Dios quiere el bienestar y la salud para todos. Como
refiere Isaías, el salmista y el propio Jesús, Dios quiere que los ciegos vean, que los
sordos oigan, que los mudos hablen, que los cojos anden. Es cierto lo que nos dice
Isaías, Dios viene a restituirnos, a resarcirnos, a salvarnos. Dios todo lo orienta hacia
nuestro bien y saca bien incluso de los males y las desgracias. Somos nosotros los
que muchas veces perdemos la paciencia, desconfiamos y nos cerramos a su acción.
Somos nosotros los que no vemos los signos, los que estamos ciegos y sordos, los
que nos paralizamos ante las adversidades y cerramos el corazón a Dios.
El poder curativo de Dios se nos manifiesta en Jesús. En los evangelios aparece en
múltiples ocasiones como sana a los enfermos, resucita a los muertos, domina la
naturaleza y libera a las personas. Jesús cura al hombre entero, los signos o milagros
que realizan, van dirigidos a la persona en su totalidad.

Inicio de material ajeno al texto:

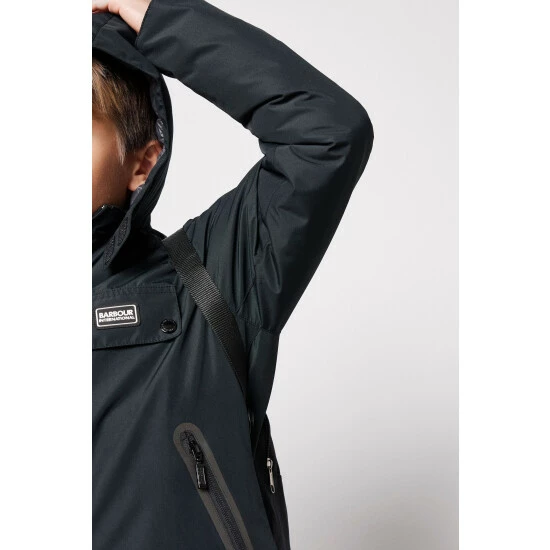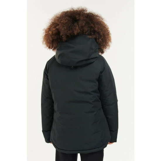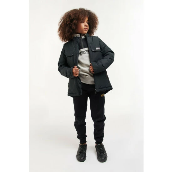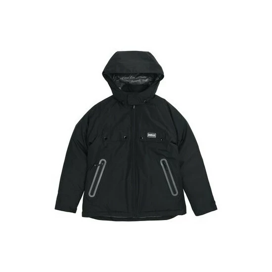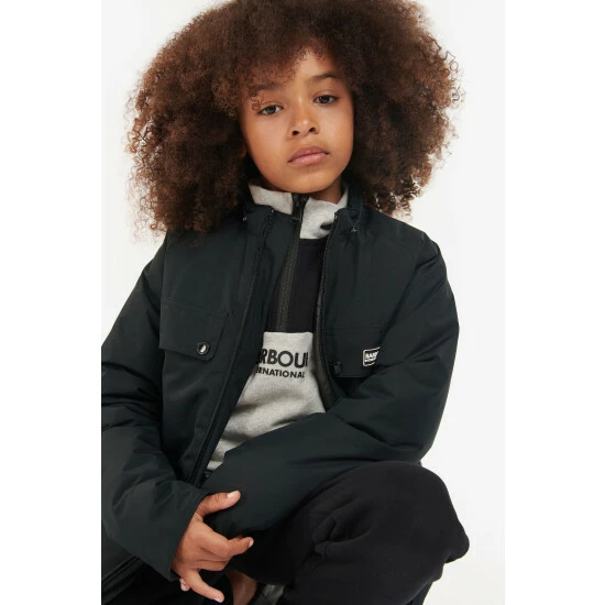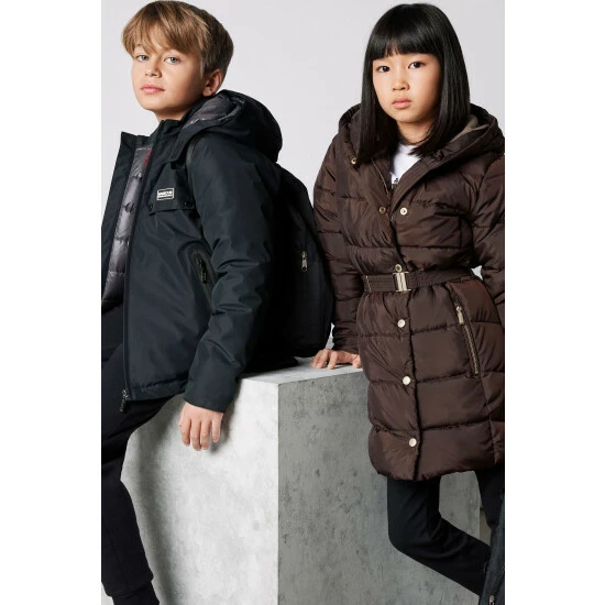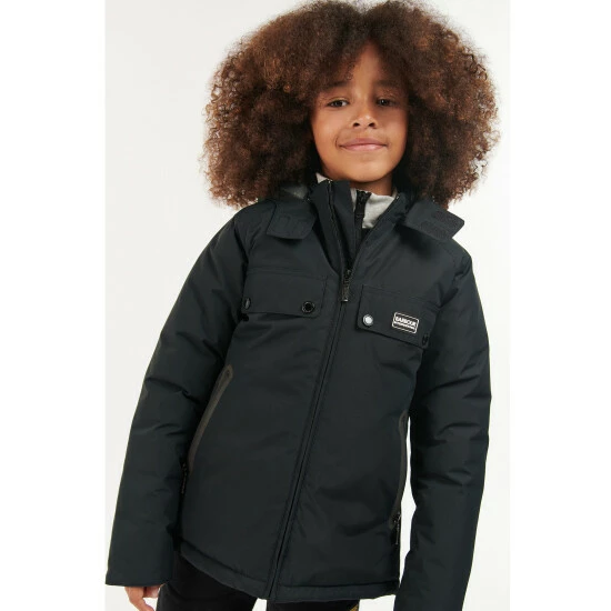 Boys showerproof jacket with detachable hood and zip front fastening. This style features baffle quilted lining, chest pockets and lower angled zip fasten pockets.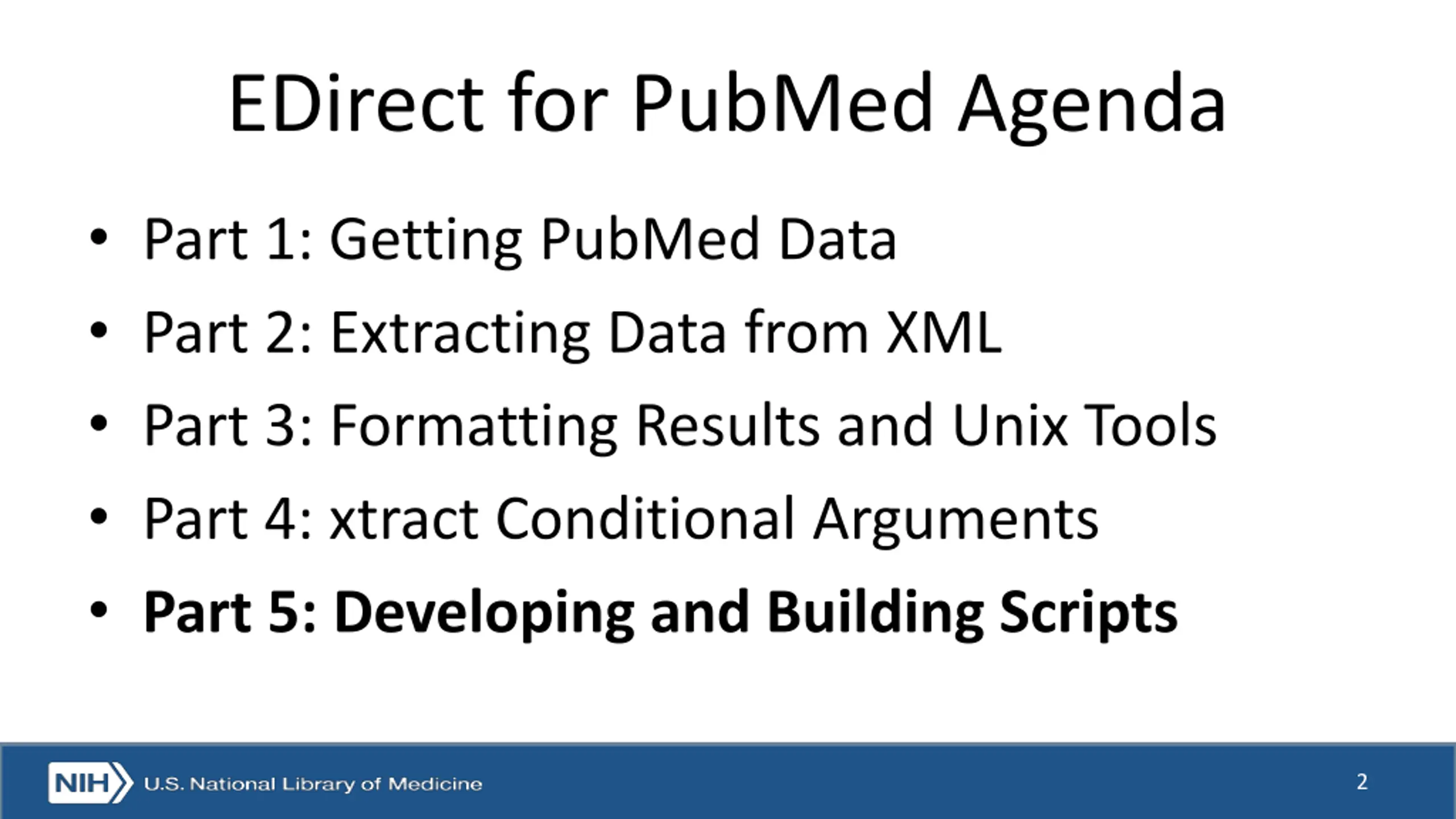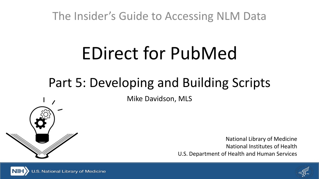 The Insiders Guide to Accessing NLM Data EDirect for PubMed Part 5: Developing and Building Scripts Mike Davidson, MLS National Library of Medicine National Institutes of Health U.S. Department of Health and Human Services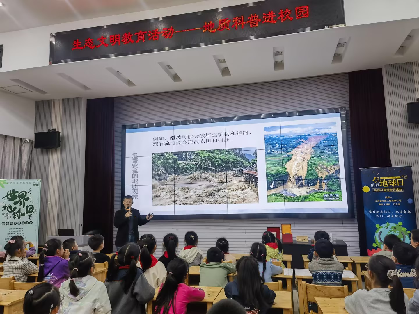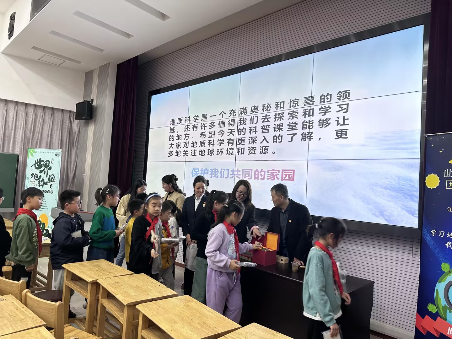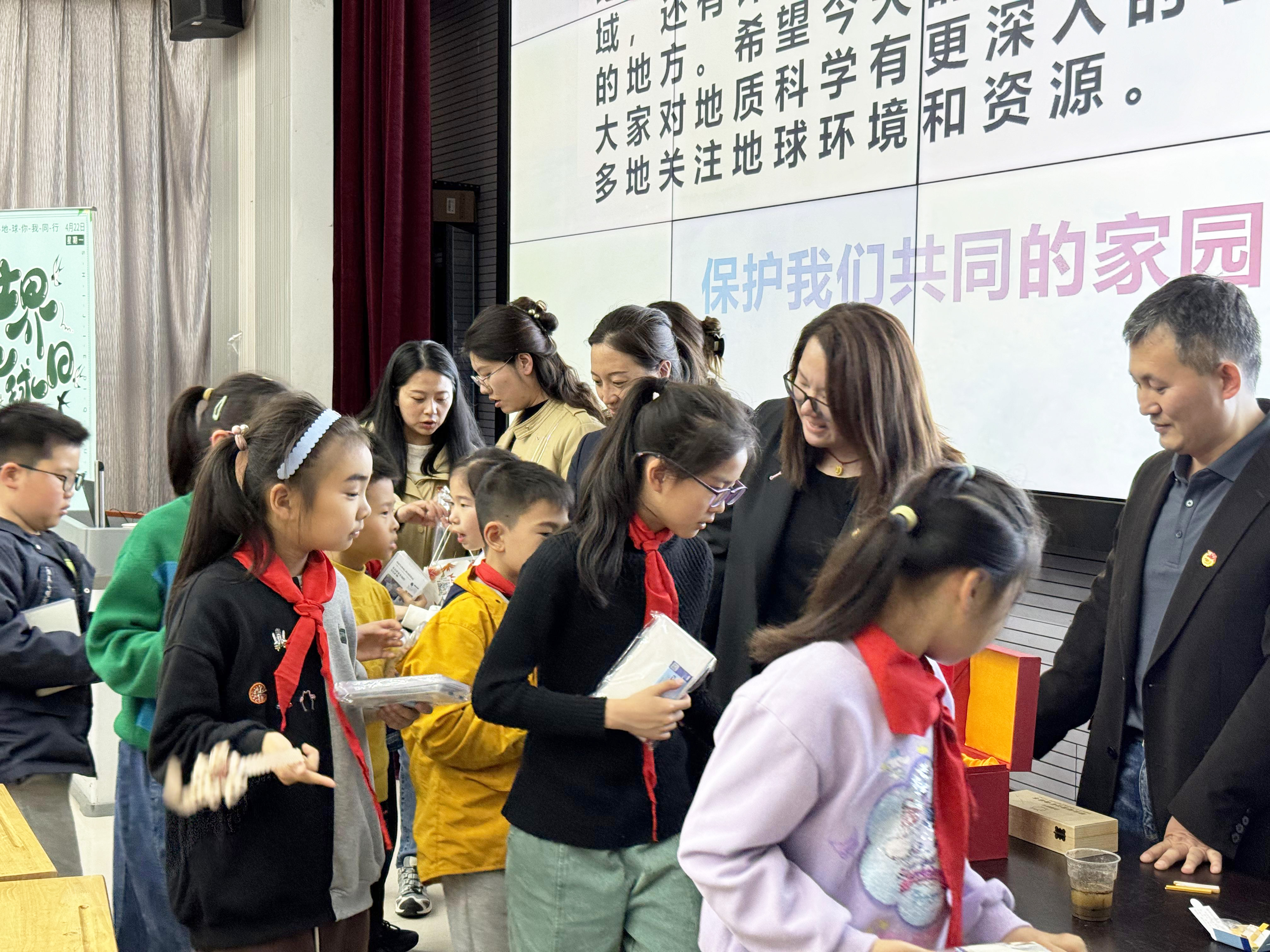 在世界地球日即将来临之际,一场别开生面的科普活动在汉江路小学展开。岩土公司、苏地公司、世纪山水、物资公司、山水酒店集团与江苏省地热能源学会携手,为汉江路小学三年级的200名孩子带来了一堂精彩纷呈的地质主题科普课。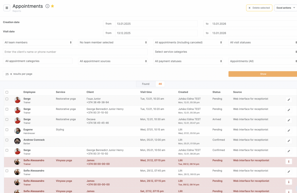 This section provides information about which appointments were made and during what period, who created them (receptionist or client), the source of the online booking, assigned team member, booked service, client information, etc.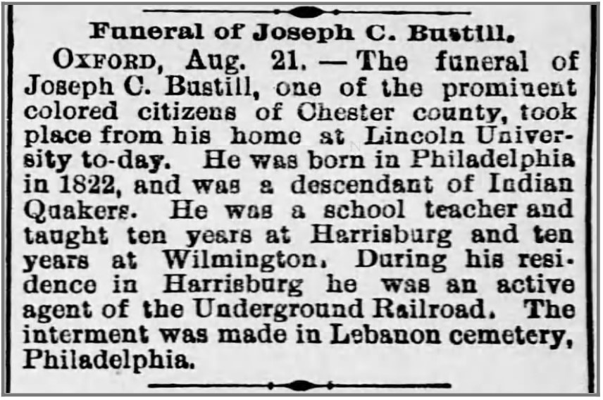 Family Members: Father: David Bustill. Mother: Elizabeth Hicks Bustill. Wife: Sarah Humphrey Bustill. Daughter: Anna Amelia Bustill-Smith.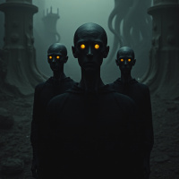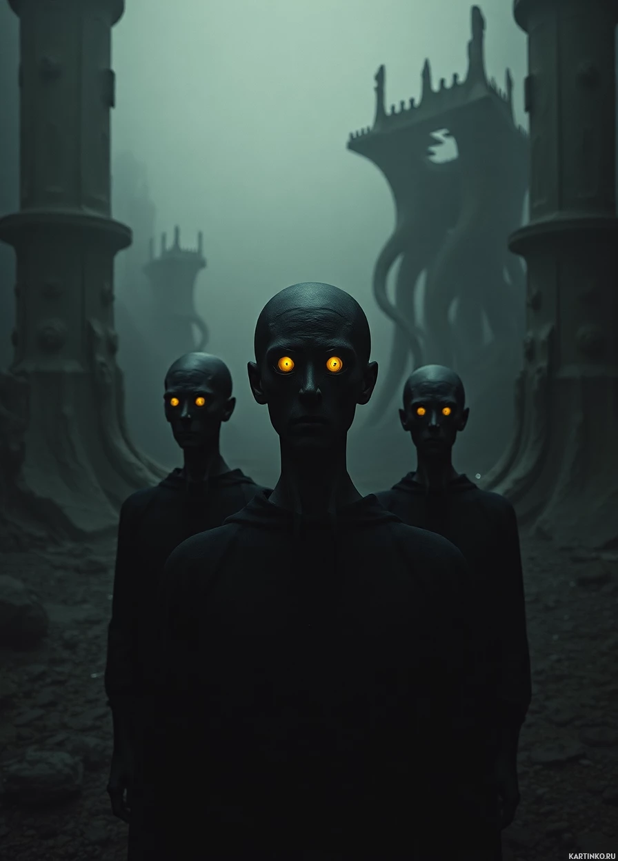 yellow eyes, which adds an eerie and supernatural element to their appearance. The background features ruins with pipes and structures that are partially submerged in water, contributing to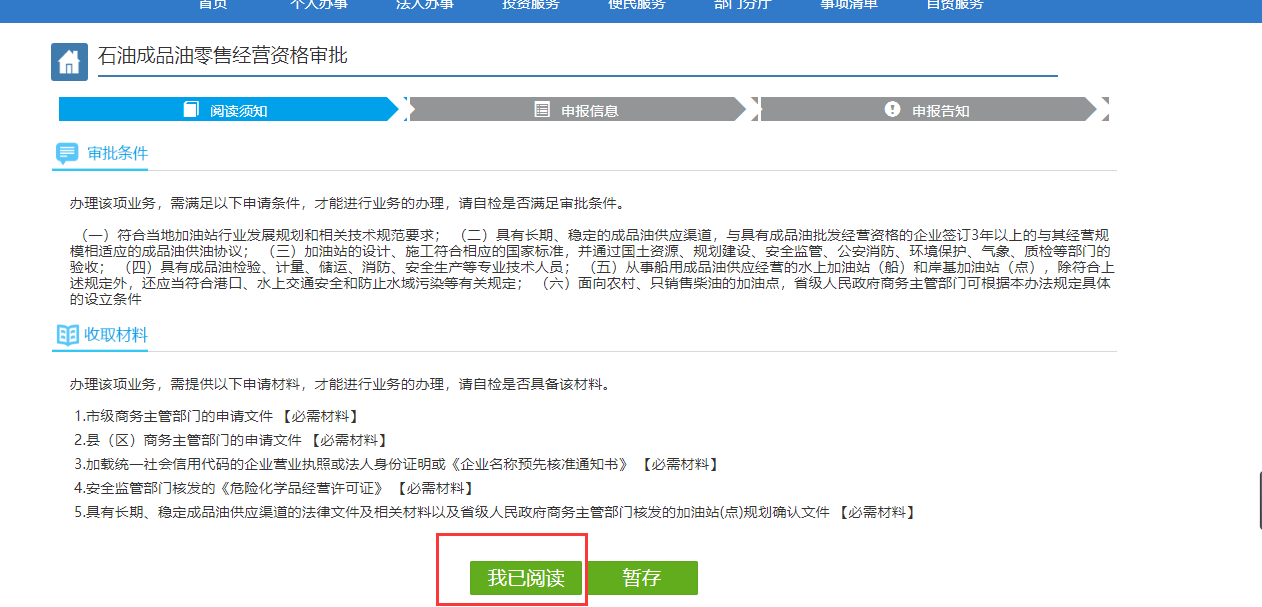 8.阅读须知,查看办理条件和所需材料,查看完毕点击我已阅读。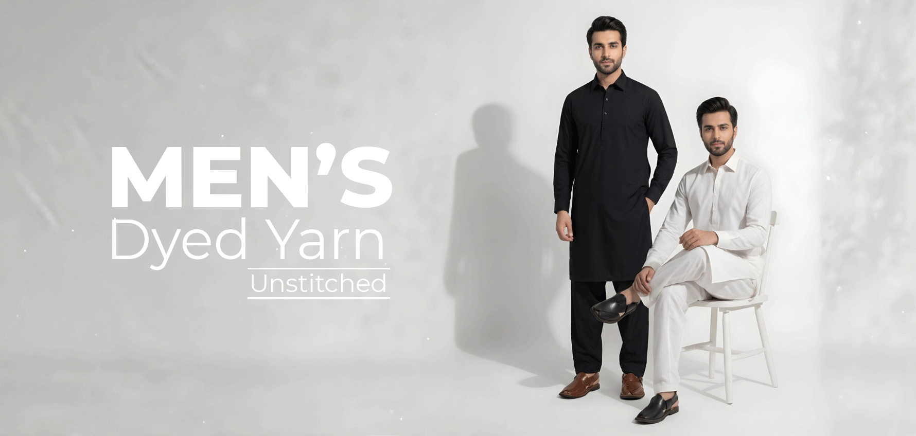 Men's Unstitched Dyed Yarn Summer Fits Ash White Suit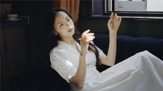 连衣裙:水蓝色垂感茶歇裙(水气温润,气场沉稳)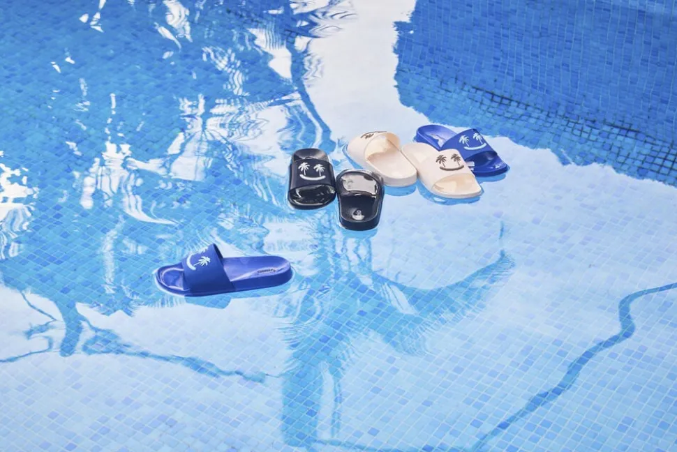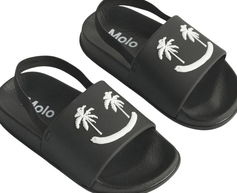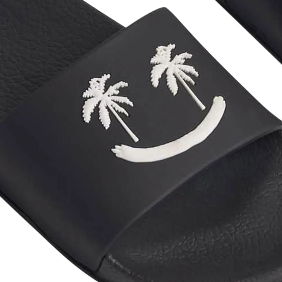Badesandaler med bred fodrem og formstøbt indersål. Disse sandaler er vandafvisende og ideelle til både poolen og stranden. Fodremmen prydes af et smilende ansigt med palmeøjne.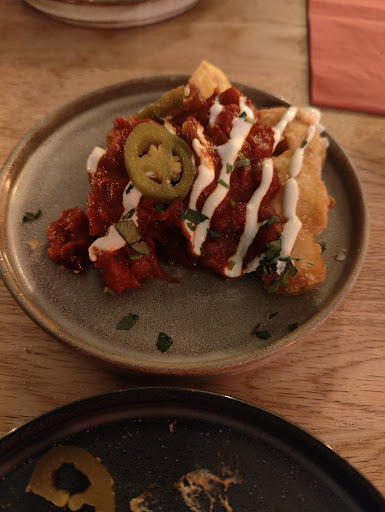 I would probably not revisit personally but I would still recommend others go try it. One experience on one day might not be typical and the food might be more to other's taste than mine. I had no problem with service as servers were friendly and speedy so I left a tip. Food and drinks came out fast. The food itself was very bland. The most flavoursome item turned out to be an inexpensive watermelon salad. I also had beef tacos (just pulled beef and chopped raw tomato) and a side of corn (dressed with crumbled soft cheese). I had to throw hot sauce all over those. There was just none of the zing and excitement and creativity that Mexican food should have. The biggest disappointment was my £9 cocktail. I don't have margaritas often but when I do I love it. What I got was warm, insipid and overly sweet. It actually crossed my mind that they might have given me something that had been left on the bar instead of a fresh drink. I did finish everything so have not left a really bad score. I think better understanding of flavour balance and a little more technique might improve both the food and the cocktails. I hope they do well tho as Stockport needs more...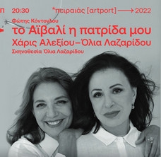 Το Δημοτικό Θέατρο Πειραιά, με αφορμή την επέτειο των 100 χρόνων από τη Μικρασιατική Καταστροφή, παρουσιάζει το κείμενο του Φώτη Κόντογλου «Το Αϊβαλί η Πατρίδα μου», σε μια θεατροποιημένη σκηνική παρουσίαση με τη Χάρις Αλεξίου και την Όλια Λαζαρίδου, στη Κεντρική Σκηνή του Δ.Θ.Π., από την Παρασκευή 9 Σεπτεμβρίου και για λίγες παραστάσεις.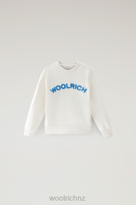 Woolrich Parka – Woolrich B Varsity Crewneck in Pure Cotton Milky Cream Boys DL82891 Clothing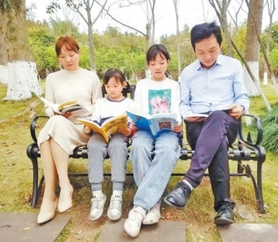 “開始看書啦!”晚上9點(diǎn),陳靜做完家務(wù),招呼丈夫賀瑋杰和兩個(gè)女兒到書架上各自取書,在客廳圍坐在一起,閱讀分享。這樣的親子時(shí)光,在重慶市榮昌區(qū)市民陳靜家已是尋常。兩個(gè)80后帶著兩個(gè)10后,每周一次家庭閱讀分享會,每年一份家庭心愿書單……一家人在書香中共同成長。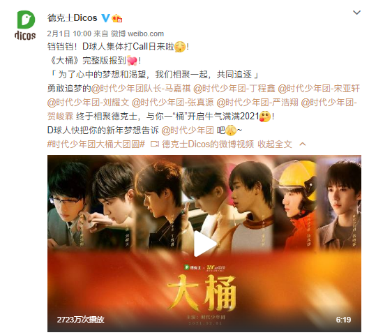 春节临近,各大公司纷纷发布贺岁微电影,近日德克士携手北京时代峰峻旗下Teens in Times时代少年团,在微博发布其新春贺岁片《大桶》。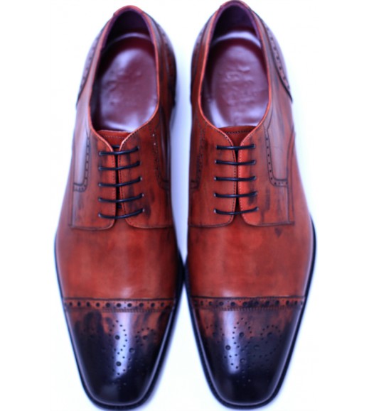 You can never go wrong with a classic brown Derby shoe for versatility. This magnificent piece is constructed by hand in Italy using calfskin leather and has a burnished finish using the most time-honoured techniques, and provides just the right level of detail.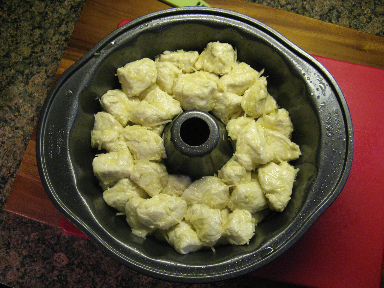 After spraying a Bundt pan with cooking spray, I layered the biscuit pieces into the pan. I opted to use my hands to spread the pieces into the pan to ensure they would be even throughout the pan.

En el evangelio de este domingo Jesús se aparta, del resto de la gente, con el
enfermo, lo toca, siente su enfermedad, se compadece de su debilidad. Es en ese
momento cuando todo comienza a cambiar, una corriente de amor comienza a
desencadenarse. Es eso lo que sucede cuando en un mundo despreocupado,
distraído por los miles de quehaceres que nos embargan, en un mundo como el
nuestro en el que mantenemos las distancias, evitamos involucrarnos demasiado en
los problemas de los demás, evitamos el contacto con todo aquello que pesamos nos
contamina, Dios toca, abraza y sana, y no hace preferencias entre personas, como
nos dice Santiago. Es más, si las hace es precisamente en favor de los débiles, los
despreciados, los humildes...
Jesús quiere curarnos y pone toda su fuerza en ello, y al igual que al sordo, nos grita
«Ábrete». Es necesaria nuestra colaboración, no se cura aquel que no reconoce su
enfermedad. Él quiere que vivamos una vida sana, que salgamos de nuestro
aislamiento y descubramos lo que es vivir escuchándolo a Él y a los demás.
Abriéndose a Dios y al mundo todo hombre queda curado.
Este hombre no era mudo, dice el evangelista que apenas podía hablar. Es imposible
hablar bien cuando no se escucha. Quien no escucha esta mudo también en la fe.
Escuchar la palabra de Dios es vital para el creyente. Escucharla, que llegue a nuestro
corazón y nos interpele, tiene como resultado que nuestra lengua confiese aquello que
creemos y vivimos. Cuando no escuchamos a Dios nuestra lengua es tosca, nuestras
palabras pueden resultar ofensivas, dañinas. A menudo olvidamos la fuerza
constructiva o destructiva de nuestras palabras. Necesitamos curar nuestra sordera y
escuchar la palabra de Dios para que purifique y fecunde nuestras palabras. Para
nosotros, los cristianos, esto es una gran responsabilidad, pues estamos llamados a
anunciar el Evangelio con la palabra.
Jesús sigue hoy curando a la humanidad a través de su Iglesia: predicando su palabra,
curando enfermos, acogiendo y acompañando a los pobres y marginados, luchando
contra la opresión y la injusticia. Esta es una tarea que nos compromete a todos los
cristianos.
El milagro que nos relata Marcos recuerda nuestro bautismo, porque uno de los signos
con que se expresa el efecto espiritual de este sacramento es precisamente el rito del
Effetá, cuando el ministro hace sobre nosotros lo mismo que hizo Jesús a este
hombre. Un cristiano ha de tener los oídos atentos para escuchar a Dios y al prójimo,
sin hacerse el sordo. Un cristiano ha de saber utilizar las palabras para hablar sin
miedo de la obra tan grande que Dios ha hecho en nosotros. Si vivimos sordos a su
llamada, si vivimos ciegos a su amor hacia los que sufren, encerrándonos en nosotros
mismos, levantando barreras, si no nos acercamos y acogemos al desvalido, entonces
no tendremos ninguna palabra que decir ni ninguna Buena Noticia que anunciar.
Señor, tú que te has dignado redimirnos y has querido hacernos hijos tuyos, míranos
siempre con amor de padre y haz que cuantos creemos en Cristo, tu Hijo, alcancemos
la libertad verdadera y la herencia eterna. Amén.